The group worked with "spirit guides," who fulfilled their duties to the letter when the investigators got lost looking for the well, and one of the guides said, "Turn left."

Being a rather rabid fan of Doctor Who, I'm not sure I would have responded that that positively.


Anyhow, I was intrigued until I heard the explanation given by Russell (no last name provided), of Essex Ghost Hunters, about the nature of the phenomenon.  "We've all got an aura, which is scientifically proven," Russell told a reporter for Essex Online.  "We've all got a two-inch energy bubble that surrounds us all the time.   When spirits come close they will interact with that bubble, something has moved your aura and it's wobbling.  The two energies pull apart and that's what causes the vibration."

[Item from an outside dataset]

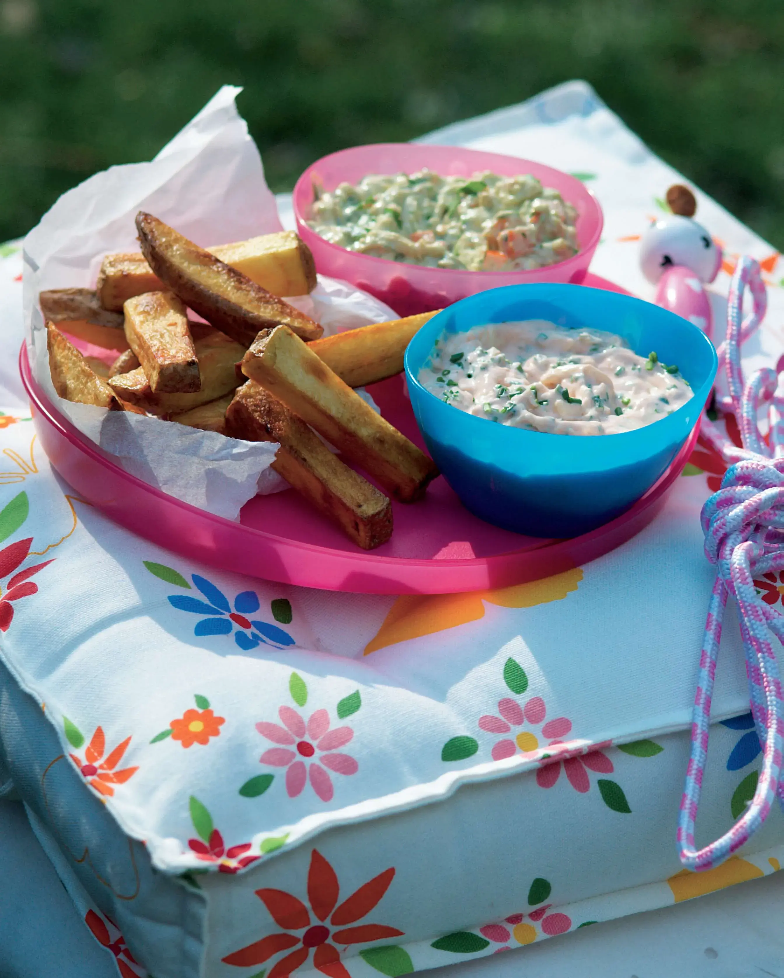 Dvě skvělé studené omáčky a bramborové chipsy jsou jídlo, do kterého nemusíte děti dvakrát pobízet.

Righty-o.  Wobbly auras and energy bubbles and energies pulling apart.  "Scientifically proven."

Next.


Last, there's the link that's been sent to me (as of this writing) four times, about a rather gruesome situation on a ranch in eastern Oregon, where five cattle have been completely exsanguinated -- and had specific body parts removed -- most bizarrely, leaving no evidence in the way of tire tracks, footprints, or other marks.

The five bulls were all found this summer, missing their tongues and testicles, and -- according to rancher Colby Marshall -- "without one drop of blood."  This is a major loss to the ranch, so it's crazy to assume that the ranchers themselves had anything to do with it; unlike the ghost in the service station, they've got nothing to gain from fifteen minutes of fame, and (again, according to Marshall) lost thirty thousand dollars from the bulls' deaths.  

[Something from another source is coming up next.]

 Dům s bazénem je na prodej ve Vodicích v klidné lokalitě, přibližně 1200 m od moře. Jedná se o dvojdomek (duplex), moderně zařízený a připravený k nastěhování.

The Harney County Sheriff's Office has been looking into the incident, and Silvies Valley Ranch -- owner of the dead cattle -- are offering a $25,000 reward for anyone who can provide information leading to the arrest and conviction of the perpetrator(s).  But the whole thing has the investigators baffled, because it's not like accomplishing this would have been easy.  "[The area is] rugged," Marshall said.  "I mean this is the frontier.  If some person, or persons, has the ability to take down a 2,000-pound range bull, you know, it's not inconceivable that they wouldn't have a lot of problems dealing with a 180-pound cowboy."

So employees of the ranch have been instructed to always go out (at least) in pairs, and never to leave the ranch building unarmed.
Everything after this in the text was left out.